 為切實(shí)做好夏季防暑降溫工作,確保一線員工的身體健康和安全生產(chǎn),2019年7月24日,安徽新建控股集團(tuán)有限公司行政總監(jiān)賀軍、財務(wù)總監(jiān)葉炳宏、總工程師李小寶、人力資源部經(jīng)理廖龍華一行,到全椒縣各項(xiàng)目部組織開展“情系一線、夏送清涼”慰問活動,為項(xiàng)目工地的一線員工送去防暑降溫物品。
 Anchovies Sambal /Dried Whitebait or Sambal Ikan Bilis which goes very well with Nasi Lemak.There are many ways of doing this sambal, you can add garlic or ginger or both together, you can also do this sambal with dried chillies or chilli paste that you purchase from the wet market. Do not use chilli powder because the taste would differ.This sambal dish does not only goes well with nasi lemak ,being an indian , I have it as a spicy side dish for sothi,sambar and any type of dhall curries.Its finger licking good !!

==

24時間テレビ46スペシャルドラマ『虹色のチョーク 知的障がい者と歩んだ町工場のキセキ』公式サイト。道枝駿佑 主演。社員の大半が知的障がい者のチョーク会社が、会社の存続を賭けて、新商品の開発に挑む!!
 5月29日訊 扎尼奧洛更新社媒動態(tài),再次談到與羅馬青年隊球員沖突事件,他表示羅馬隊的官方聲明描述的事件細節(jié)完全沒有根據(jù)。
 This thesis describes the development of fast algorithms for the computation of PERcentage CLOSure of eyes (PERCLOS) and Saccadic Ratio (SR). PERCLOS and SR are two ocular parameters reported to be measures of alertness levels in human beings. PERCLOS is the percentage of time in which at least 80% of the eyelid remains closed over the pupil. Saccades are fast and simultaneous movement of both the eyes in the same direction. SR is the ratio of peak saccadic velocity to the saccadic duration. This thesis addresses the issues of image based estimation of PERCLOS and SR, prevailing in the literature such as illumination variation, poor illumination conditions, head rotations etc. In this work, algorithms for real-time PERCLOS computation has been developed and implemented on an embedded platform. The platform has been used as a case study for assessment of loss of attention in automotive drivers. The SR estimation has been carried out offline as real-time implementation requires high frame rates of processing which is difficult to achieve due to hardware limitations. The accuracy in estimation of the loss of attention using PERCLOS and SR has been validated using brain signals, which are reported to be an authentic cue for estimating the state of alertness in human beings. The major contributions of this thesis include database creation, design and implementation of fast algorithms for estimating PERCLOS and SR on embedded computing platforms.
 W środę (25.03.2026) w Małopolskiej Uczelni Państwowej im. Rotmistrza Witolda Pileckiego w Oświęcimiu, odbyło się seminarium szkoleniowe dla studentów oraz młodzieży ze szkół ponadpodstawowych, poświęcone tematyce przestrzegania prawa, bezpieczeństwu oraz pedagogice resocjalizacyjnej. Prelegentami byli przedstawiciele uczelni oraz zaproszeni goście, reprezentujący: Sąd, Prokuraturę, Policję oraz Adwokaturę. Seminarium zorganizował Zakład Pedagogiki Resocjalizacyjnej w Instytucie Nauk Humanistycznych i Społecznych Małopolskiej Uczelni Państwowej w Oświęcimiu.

> Exercise brief: Write out only the lines that run from the line containing "為切實(shí)做好夏季防暑" through the line containing "Anchovies Sambal /Dried", both included, exactly as they appear above.

> The completed task:
 為切實(shí)做好夏季防暑降溫工作,確保一線員工的身體健康和安全生產(chǎn),2019年7月24日,安徽新建控股集團(tuán)有限公司行政總監(jiān)賀軍、財務(wù)總監(jiān)葉炳宏、總工程師李小寶、人力資源部經(jīng)理廖龍華一行,到全椒縣各項(xiàng)目部組織開展“情系一線、夏送清涼”慰問活動,為項(xiàng)目工地的一線員工送去防暑降溫物品。
 Anchovies Sambal /Dried Whitebait or Sambal Ikan Bilis which goes very well with Nasi Lemak.There are many ways of doing this sambal, you can add garlic or ginger or both together, you can also do this sambal with dried chillies or chilli paste that you purchase from the wet market. Do not use chilli powder because the taste would differ.This sambal dish does not only goes well with nasi lemak ,being an indian , I have it as a spicy side dish for sothi,sambar and any type of dhall curries.Its finger licking good !!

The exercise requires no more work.